* _PROBLEM REQUIREMENTS_
Transcribe the listing below word for word but skip its images.

* _COLLECTED MATERIAL_
▬▬▬

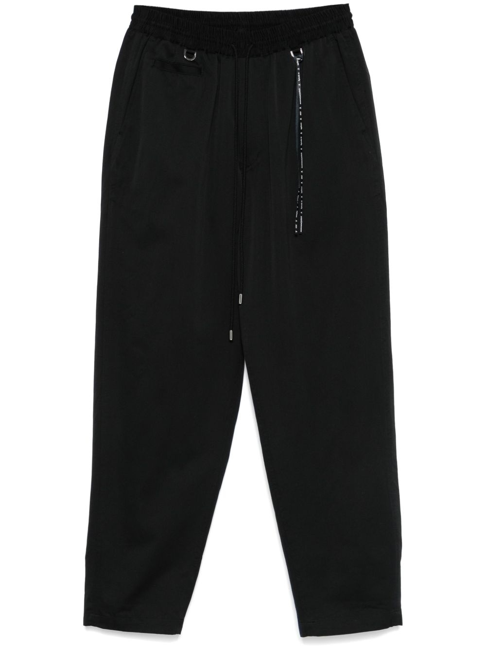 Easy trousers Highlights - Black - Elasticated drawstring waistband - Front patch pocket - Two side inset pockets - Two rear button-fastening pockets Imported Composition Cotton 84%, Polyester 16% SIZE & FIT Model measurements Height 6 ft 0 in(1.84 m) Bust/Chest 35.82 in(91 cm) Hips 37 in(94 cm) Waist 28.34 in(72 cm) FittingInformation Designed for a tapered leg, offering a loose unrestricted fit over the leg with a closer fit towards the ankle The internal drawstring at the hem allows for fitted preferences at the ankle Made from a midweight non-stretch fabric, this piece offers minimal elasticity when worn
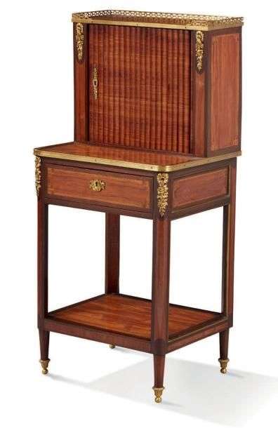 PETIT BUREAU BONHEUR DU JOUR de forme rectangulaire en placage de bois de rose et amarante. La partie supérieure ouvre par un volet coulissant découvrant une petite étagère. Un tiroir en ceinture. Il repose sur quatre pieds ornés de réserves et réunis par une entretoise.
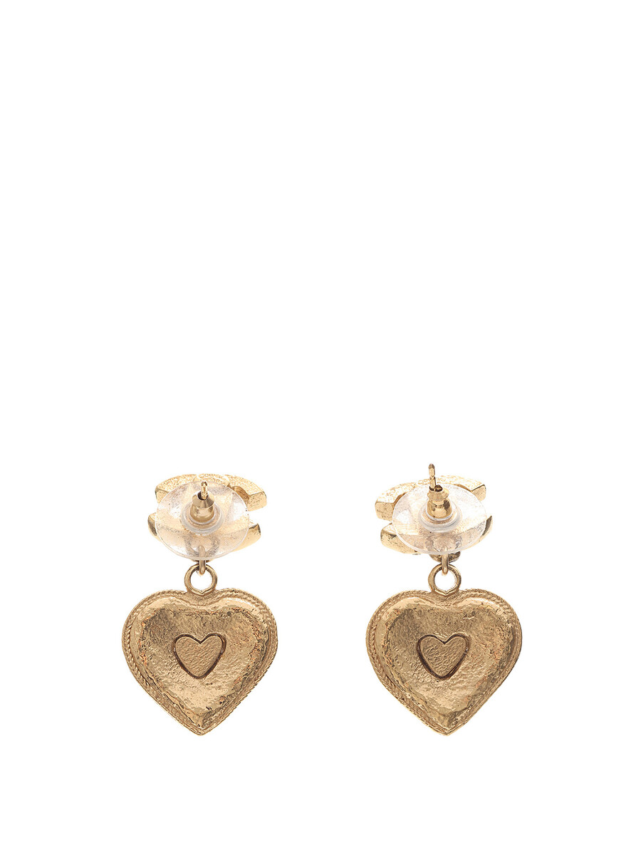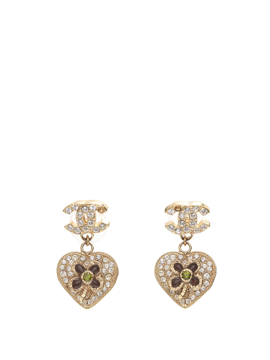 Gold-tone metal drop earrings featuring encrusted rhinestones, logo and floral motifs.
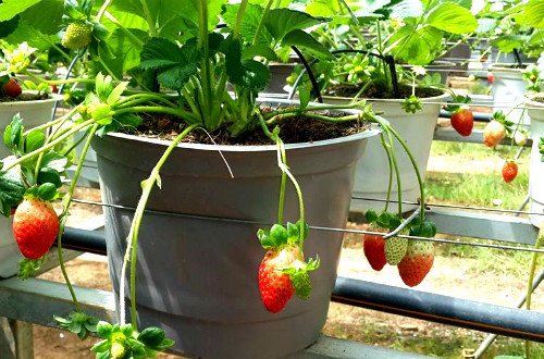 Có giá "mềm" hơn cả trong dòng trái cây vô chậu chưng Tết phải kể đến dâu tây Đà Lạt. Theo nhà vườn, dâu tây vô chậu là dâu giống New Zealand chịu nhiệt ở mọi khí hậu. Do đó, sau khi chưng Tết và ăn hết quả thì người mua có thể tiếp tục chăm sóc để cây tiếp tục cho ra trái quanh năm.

▬▬▬

* _TASK RESPONSE_
 Easy trousers Highlights - Black - Elasticated drawstring waistband - Front patch pocket - Two side inset pockets - Two rear button-fastening pockets Imported Composition Cotton 84%, Polyester 16% SIZE & FIT Model measurements Height 6 ft 0 in(1.84 m) Bust/Chest 35.82 in(91 cm) Hips 37 in(94 cm) Waist 28.34 in(72 cm) FittingInformation Designed for a tapered leg, offering a loose unrestricted fit over the leg with a closer fit towards the ankle The internal drawstring at the hem allows for fitted preferences at the ankle Made from a midweight non-stretch fabric, this piece offers minimal elasticity when worn
 PETIT BUREAU BONHEUR DU JOUR de forme rectangulaire en placage de bois de rose et amarante. La partie supérieure ouvre par un volet coulissant découvrant une petite étagère. Un tiroir en ceinture. Il repose sur quatre pieds ornés de réserves et réunis par une entretoise.
 Gold-tone metal drop earrings featuring encrusted rhinestones, logo and floral motifs.
 Có giá "mềm" hơn cả trong dòng trái cây vô chậu chưng Tết phải kể đến dâu tây Đà Lạt. Theo nhà vườn, dâu tây vô chậu là dâu giống New Zealand chịu nhiệt ở mọi khí hậu. Do đó, sau khi chưng Tết và ăn hết quả thì người mua có thể tiếp tục chăm sóc để cây tiếp tục cho ra trái quanh năm.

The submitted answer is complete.